**WHAT TO DO**
Reproduce exactly, leaving out pictures, each line from the one holding "The Seattle Police" through the final line of the listing, and add nothing.

**DATA LISTING**

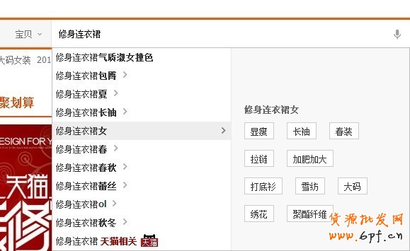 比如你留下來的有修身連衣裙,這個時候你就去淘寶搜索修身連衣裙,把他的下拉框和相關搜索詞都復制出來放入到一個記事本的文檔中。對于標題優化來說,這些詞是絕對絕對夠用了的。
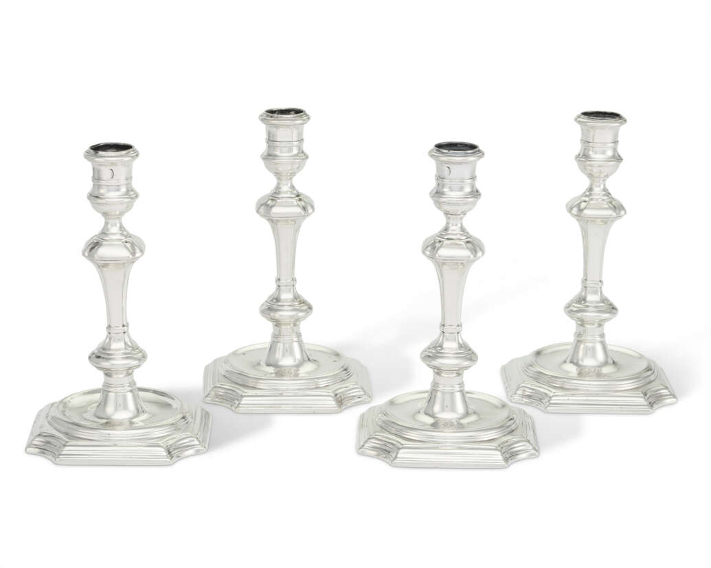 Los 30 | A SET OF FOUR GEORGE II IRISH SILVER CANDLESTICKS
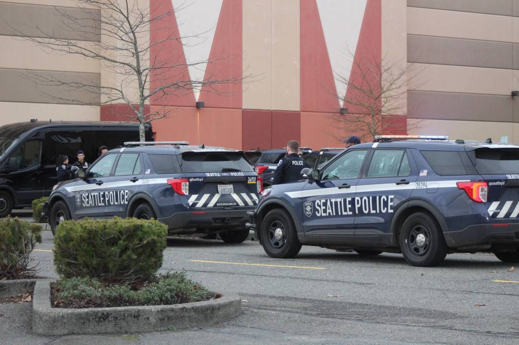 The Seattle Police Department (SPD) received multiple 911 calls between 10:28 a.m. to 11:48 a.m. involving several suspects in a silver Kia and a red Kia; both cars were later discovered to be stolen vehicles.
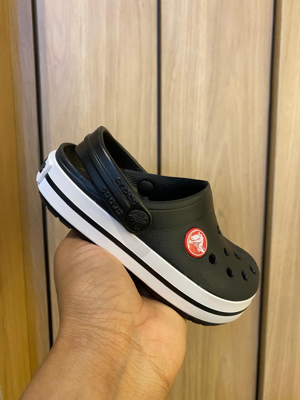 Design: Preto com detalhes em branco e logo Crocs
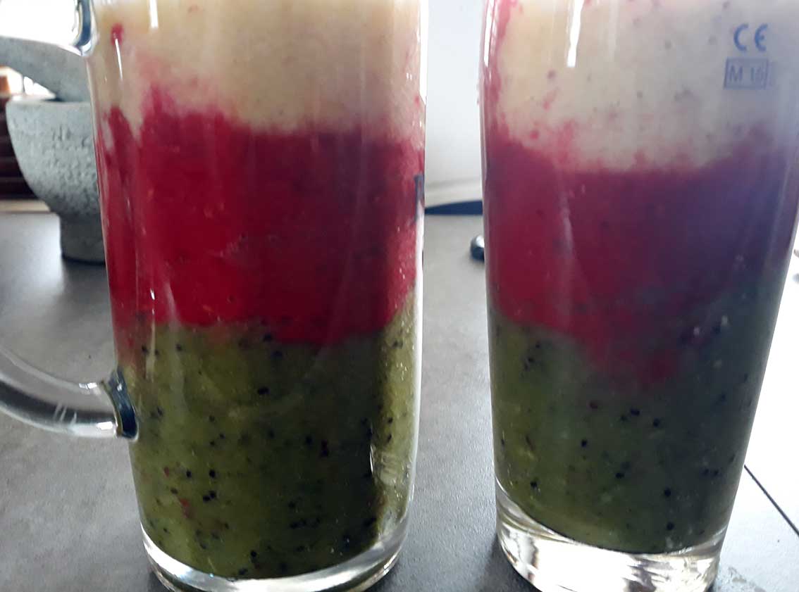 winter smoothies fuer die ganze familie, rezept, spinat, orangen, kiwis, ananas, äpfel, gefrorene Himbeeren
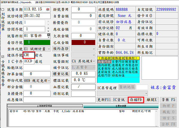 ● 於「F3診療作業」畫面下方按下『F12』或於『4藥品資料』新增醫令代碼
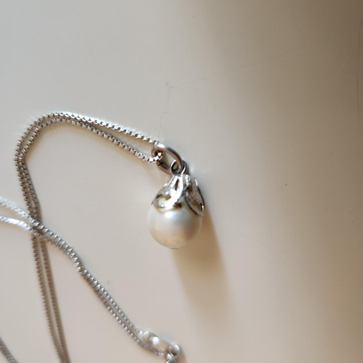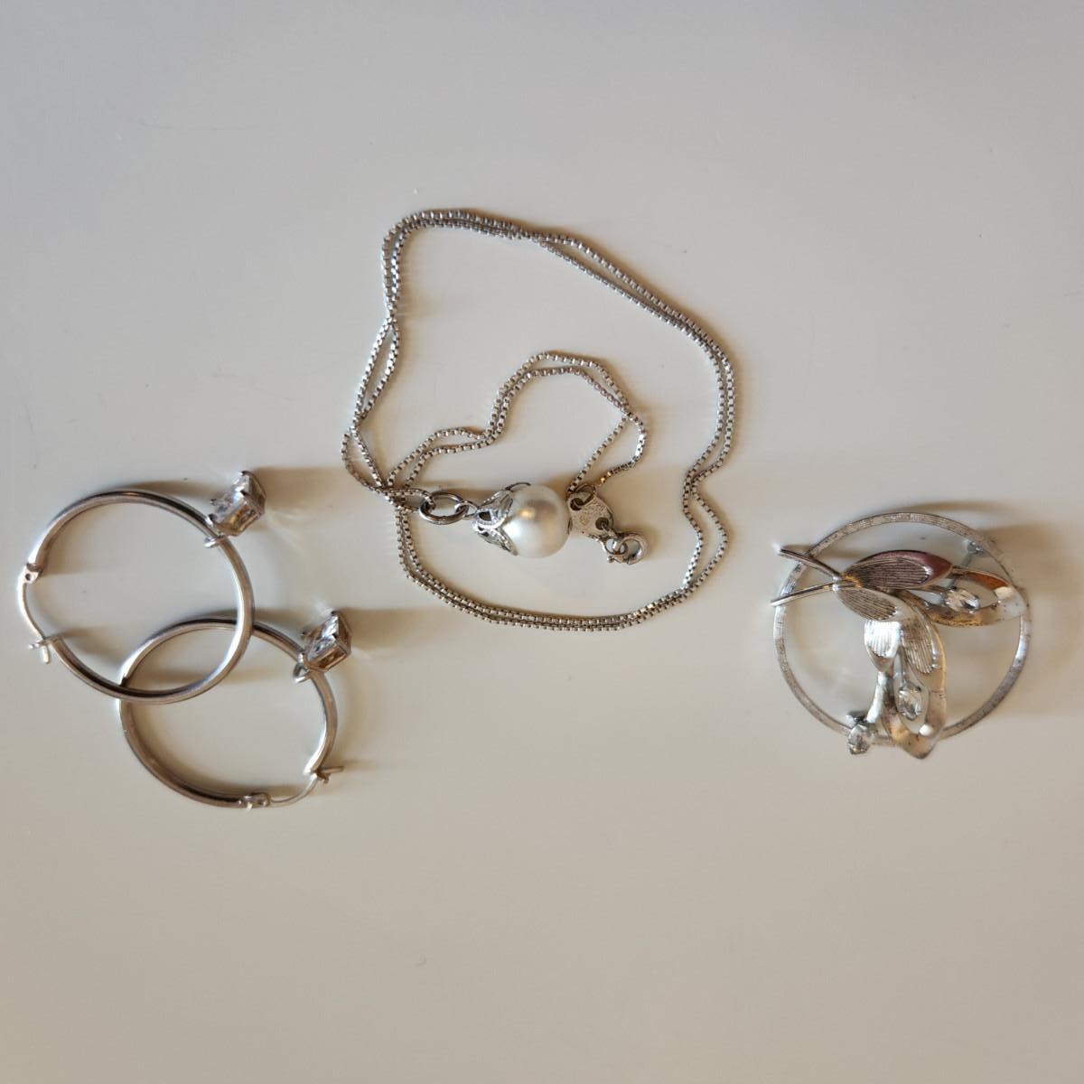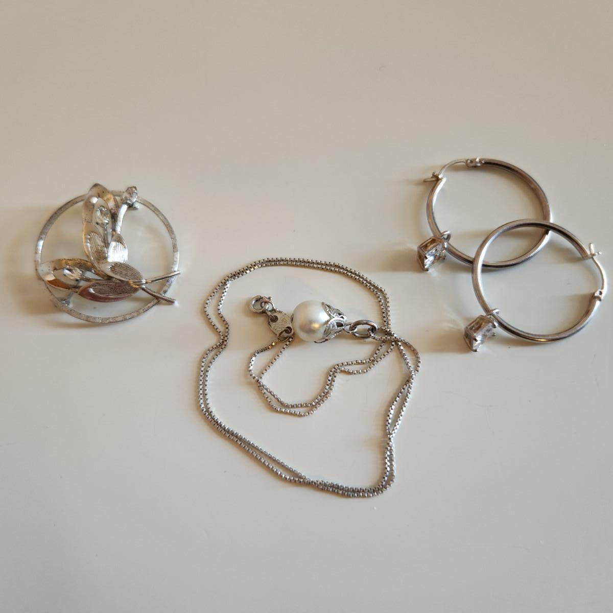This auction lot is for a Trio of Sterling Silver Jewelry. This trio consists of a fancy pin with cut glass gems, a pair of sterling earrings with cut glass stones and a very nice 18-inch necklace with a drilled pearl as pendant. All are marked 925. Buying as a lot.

**ANSWER BOX**
 The Seattle Police Department (SPD) received multiple 911 calls between 10:28 a.m. to 11:48 a.m. involving several suspects in a silver Kia and a red Kia; both cars were later discovered to be stolen vehicles.
 Design: Preto com detalhes em branco e logo Crocs
 winter smoothies fuer die ganze familie, rezept, spinat, orangen, kiwis, ananas, äpfel, gefrorene Himbeeren
 ● 於「F3診療作業」畫面下方按下『F12』或於『4藥品資料』新增醫令代碼
This auction lot is for a Trio of Sterling Silver Jewelry. This trio consists of a fancy pin with cut glass gems, a pair of sterling earrings with cut glass stones and a very nice 18-inch necklace with a drilled pearl as pendant. All are marked 925. Buying as a lot.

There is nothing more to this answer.